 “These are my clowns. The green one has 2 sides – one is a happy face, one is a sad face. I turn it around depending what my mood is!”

--

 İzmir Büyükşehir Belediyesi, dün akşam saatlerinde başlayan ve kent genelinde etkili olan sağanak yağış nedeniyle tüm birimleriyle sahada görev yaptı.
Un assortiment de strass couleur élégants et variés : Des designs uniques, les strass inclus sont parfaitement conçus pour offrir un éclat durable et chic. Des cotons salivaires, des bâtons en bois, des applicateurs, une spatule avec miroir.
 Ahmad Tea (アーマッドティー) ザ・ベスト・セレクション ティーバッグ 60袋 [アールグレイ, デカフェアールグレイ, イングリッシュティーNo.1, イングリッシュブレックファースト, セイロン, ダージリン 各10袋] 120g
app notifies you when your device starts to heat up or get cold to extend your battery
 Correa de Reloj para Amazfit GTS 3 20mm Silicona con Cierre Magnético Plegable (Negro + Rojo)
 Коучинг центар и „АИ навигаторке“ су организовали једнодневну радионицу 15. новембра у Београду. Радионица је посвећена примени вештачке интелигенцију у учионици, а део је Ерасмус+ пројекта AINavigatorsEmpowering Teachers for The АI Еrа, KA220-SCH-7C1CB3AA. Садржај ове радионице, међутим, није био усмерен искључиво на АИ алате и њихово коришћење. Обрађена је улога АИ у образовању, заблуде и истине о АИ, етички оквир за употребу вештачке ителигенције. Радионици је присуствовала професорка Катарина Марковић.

Aim of the task
Copy range, inclusive: the line holding "İzmir Büyükşehir Belediyesi, dün" to the line holding "Correa de Reloj". Reproduce exactly those lines of the records above and no others.

Solution to this exercise
 İzmir Büyükşehir Belediyesi, dün akşam saatlerinde başlayan ve kent genelinde etkili olan sağanak yağış nedeniyle tüm birimleriyle sahada görev yaptı.
Un assortiment de strass couleur élégants et variés : Des designs uniques, les strass inclus sont parfaitement conçus pour offrir un éclat durable et chic. Des cotons salivaires, des bâtons en bois, des applicateurs, une spatule avec miroir.
 Ahmad Tea (アーマッドティー) ザ・ベスト・セレクション ティーバッグ 60袋 [アールグレイ, デカフェアールグレイ, イングリッシュティーNo.1, イングリッシュブレックファースト, セイロン, ダージリン 各10袋] 120g
app notifies you when your device starts to heat up or get cold to extend your battery
 Correa de Reloj para Amazfit GTS 3 20mm Silicona con Cierre Magnético Plegable (Negro + Rojo)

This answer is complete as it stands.